After reading this thread I have to wonder why you aren't using auto parts for your condenser. Lots of vehicles have electric fans. Seems to me it would be simple to run steam in the top and get water out the bottom. A restricter on the inlet would give it the properties of an exansion chamber as well. Take a look at how your auto air conditioning works and tou will know what I mean.


----------



## rusty (Jun 14, 2013)

Tinker Terry said:


> After reading this thread I have to wonder why you aren't using auto parts for your condenser. Lots of vehicles have electric fans. Seems to me it would be simple to run steam in the top and get water out the bottom. A restricter on the inlet would give it the properties of an exansion chamber as well. Take a look at how your auto air conditioning works and tou will know what I mean.



I'll be looking forawrd to further participation from you Tinker.

Basically I went with what I had kicking about the shop and yard, if you read my other thread where I'm attempting to cool down my condensor coolent.
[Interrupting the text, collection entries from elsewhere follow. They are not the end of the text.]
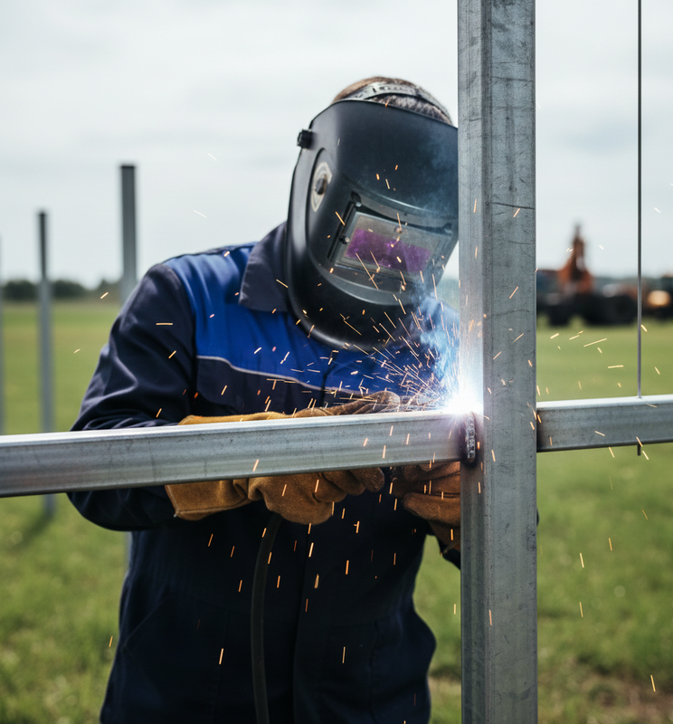 Метал: Труба профільна 40х20 просто приварюється до металевого стовпа. Зварювальний шов — це моноліт. Це найміцніший тип з'єднання, який існує. Робота зварювальника займає хвилини, а міцність — на віки.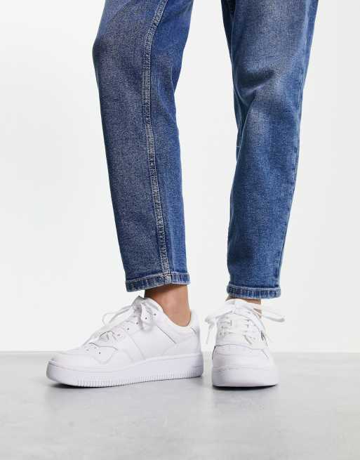 Tommy Jeans leather flag logo retro basket trainers in white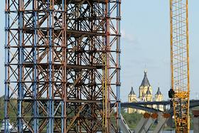 Строительство метромоста через Оку. Решетчатая опалубка и кран с храмом Александра Невского.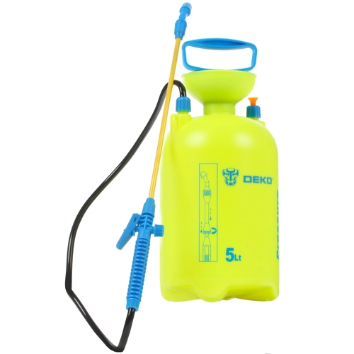 Садовый опрыскиватель DEKO DKSP06, длина шланга 1.3 м, наплечный, помповый, бак 5 л, зеленый/голубой (065-0938), DKSP06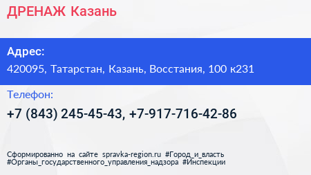 ДРЕНАЖ Казань по адресу 420095, Татарстан, Казань, Восстания, 100 к231 в дальнейшем Организация, размещена в следующих категориях: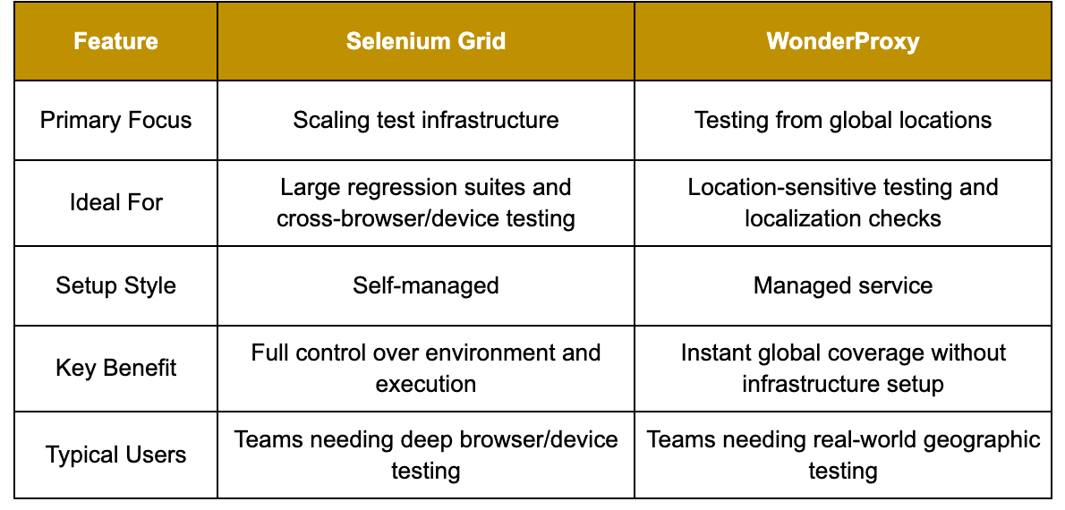 Neither tool is better, since each is built to solve different challenges. Selenium Grid is ideal for scaling test infrastructure and ensuring comprehensive coverage of browsers and devices. WonderProxy is the go-to when you want to see exactly how your app works from anywhere in the world. Used together, they give you the best of both worlds with broad coverage and real-world confidence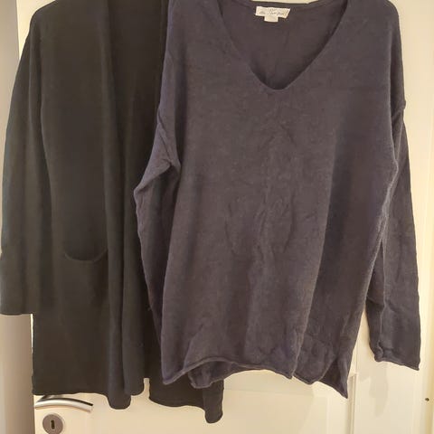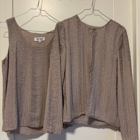 Pent sett med kortermet topp og langermet cardigan i supermyk angoraullblanding fra Newhouse. Brun med kobberbrune paljetter. Lukking av cardigan med en knapp i halsen. Toppen er strl L, jakka strl XL. Nesten ikke brukt, noen nupper, men ellers helt og pent.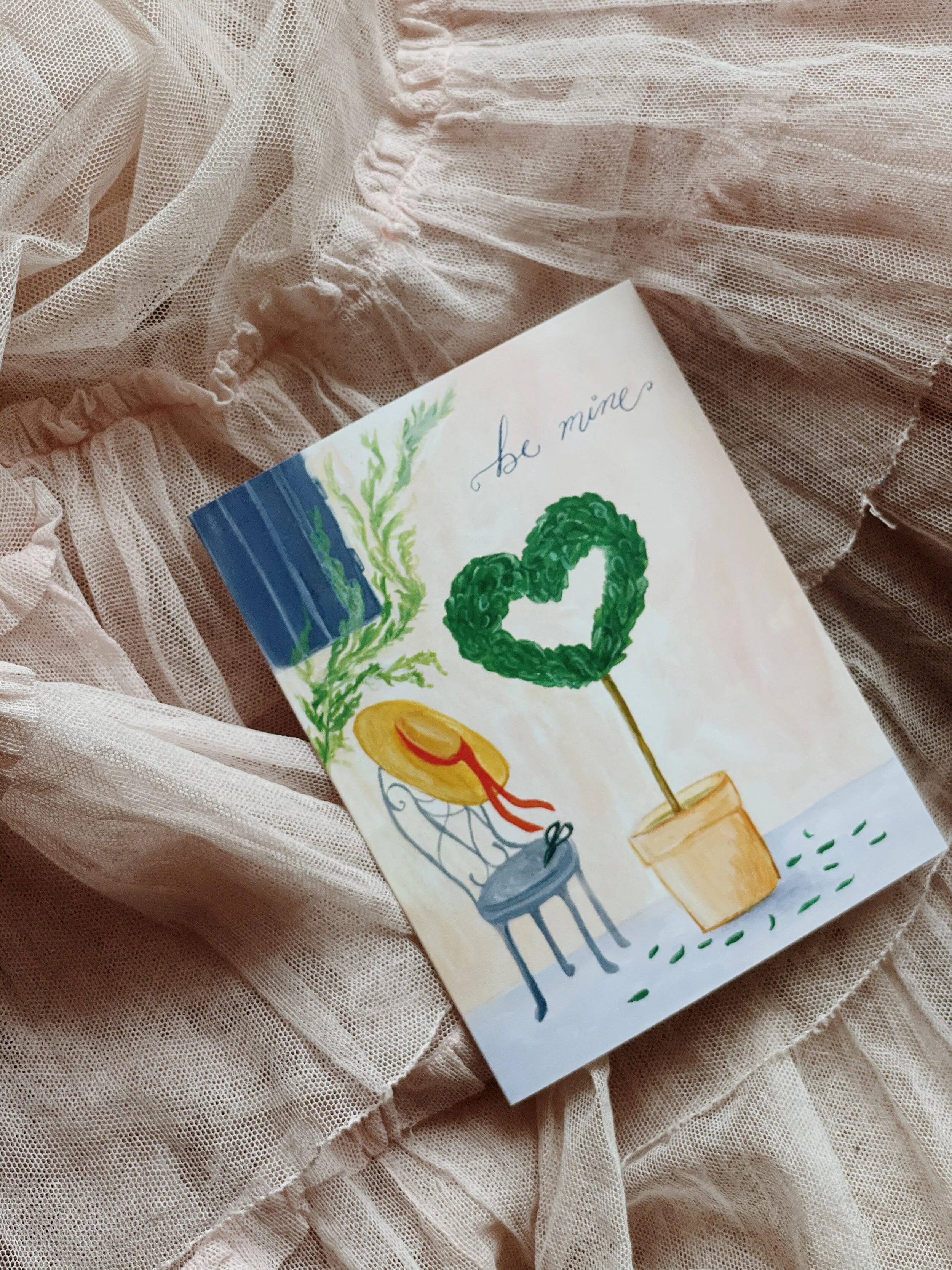 The 2021 regency drama that took a socially-starved populace and turned them all into cottage-core romantics. My wisteria draped card is featuring the famous “I Burn For You” phrase uttered by the Duke himself. Acrylic gouache.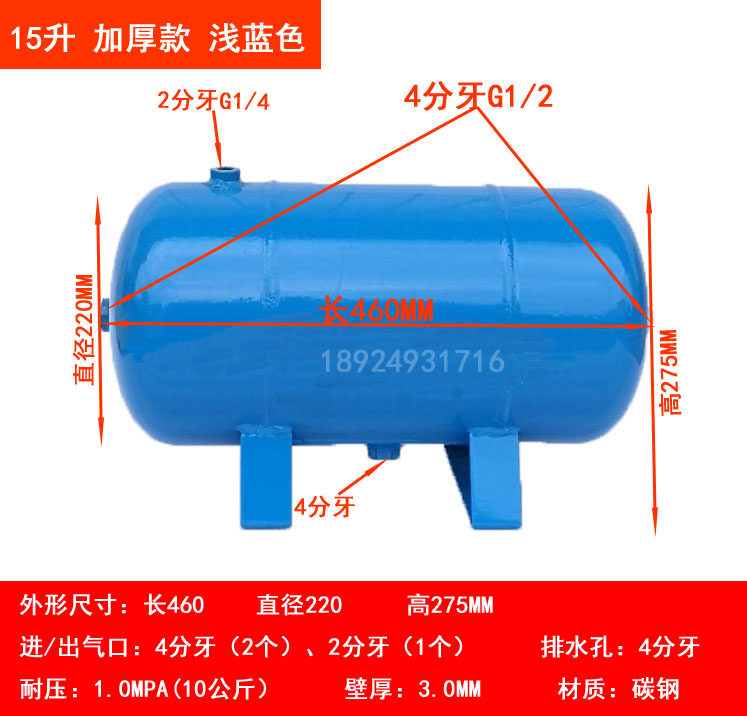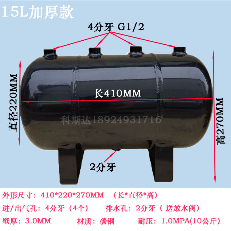 15-liter gas storage tank small horizontal gas storage tank air compressor gas storage tank non-standard gas storage tank vacuum buffer pressure tank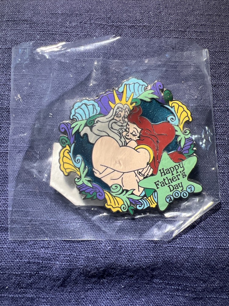 This pin features Ariel and King Triton from The Little Mermaid. King Triton and his daughter Ariel celebrate Father's Day 2007 in this Limited Edition, Cast Exclusive pin. Pins reads: "Happy Father's Day 2007" This pin will be released at Company D locations, and will only be sold to Cast Members and certain other employees of the Walt Disney World® Resort.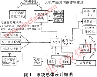 数据采集模块中可供利用的有多种传感器,如振动传感器、压力传感器、开关式和断线式传感器等多种类型的传感器,当汽车受到振动、车门被打开或者有人坐在座位上时就会产生不同的信息,将这些传感器收集到的不同数据和信息输入系统MCU,以供后续处理。此模块设计思路是充分利用车载已有的安全成熟的产品作为系统部分。其优点是:系统安全性和稳定性将大幅提高;可以较好地解决系统状态控制问题,若仅考虑利用手机短信进行设防和解防,不仅很不方便,而且长期的额外信息费用也是不可忽视的;可在原有基础上进行改装,降低产品的成本,同时还可以合理有效地利用已有车载设备,使资源得到合理有效的配置。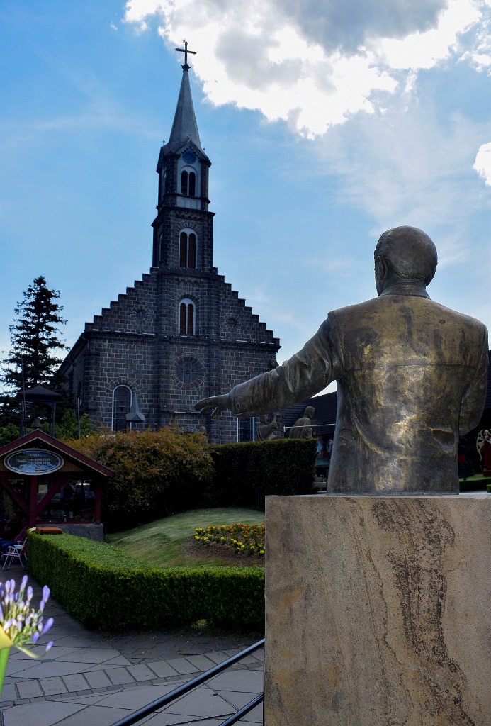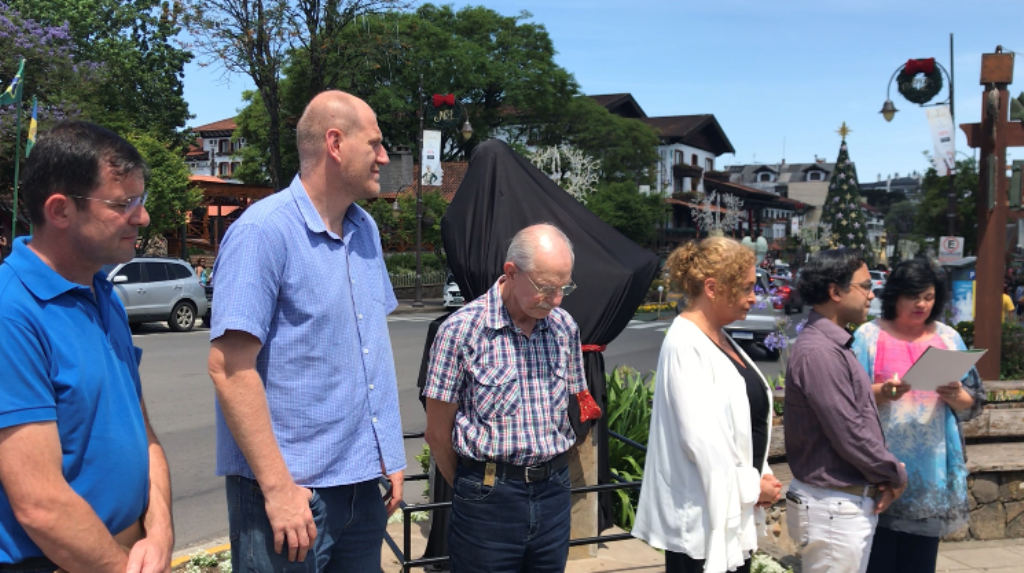 Confeccionado pelo escultor bielorrusso Iouri Petrov, o busto foi inaugurado em dezembro de 2007 em Gramado. Após atos de vandalismo, o busto do maestro esteve sem a batuta por mais de seis anos. Em 2017, a Secretaria da Cultura entrou em contato com a artista Débora Irion solicitando a recuperação do mesmo. Débora, voluntariamente, doou a batuta.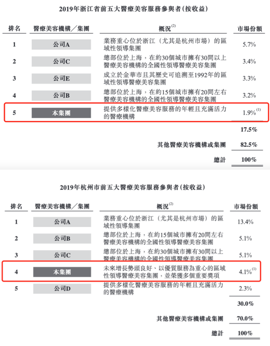 弗若斯特沙利文数据显示,截至2019年12月底,浙江省的医疗美容服务供应商多达850家,杭州市约为300家。按医疗美容服务收入计,2019年浙江最大供应商约占5.7%的市场份额,而瑞丽医美仅占1.9%,在浙江省医疗美容服务市场中排名第五;2019年杭州最大的供应商约占13.4%的市场份额,而瑞丽医美仅占4.1%,在杭州市医疗美容服务市场中排名第四。

You'll notice that this crazy Canadian is pretty handy at tinkering parts together.


----------



## justinhcase (Feb 15, 2014)

Being of irish decent I have made one or two stills in my time.
Have to ask why you where using a propane tank for your boiler when you had the cooling coil sat on a beer keg.
Beer kegs make some of the best stills around and will not rust,I like to clamp a good size header directly to the large opening on top and a simple water jacketed condenser from there runs like a dream.
And if you have a mind to you can run a little bit of mash through for special occasions once in a blue moon, though I would not do that out side of County Meath my self.


----------



## jimdoc (Feb 15, 2014)

justinhcase said:


> Being of irish decent I have made one or two stills in my time.
> Have to ask why you where using a propane tank for your boiler when you had the cooling coil sat on a beer keg.
> Beer kegs make some of the best stills around and will not rust,I like to clamp a good size header directly to the large opening on top and a simple water jacketed condenser from there runs like a dream.
> And if you have a mind to you can run a little bit of mash through for special occasions once in a blue moon, though I would not do that out side of County Meath my self.




Rusty is no longer a forum member, so don't expect an answer.

Jim


----------



## rewalston (Feb 15, 2014)

jimdoc said:


> justinhcase said:
> 
> 
> > Being of irish decent I have made one or two stills in my time.
> ...


Well at least not that Rusty...I'm still here  (rewalston = Rusty)


----------



## butcher (Feb 15, 2014)

I thought so, I always liked rusty and his posts when he was part of the forum.
I personally have no problem as long as there are no problems.


----------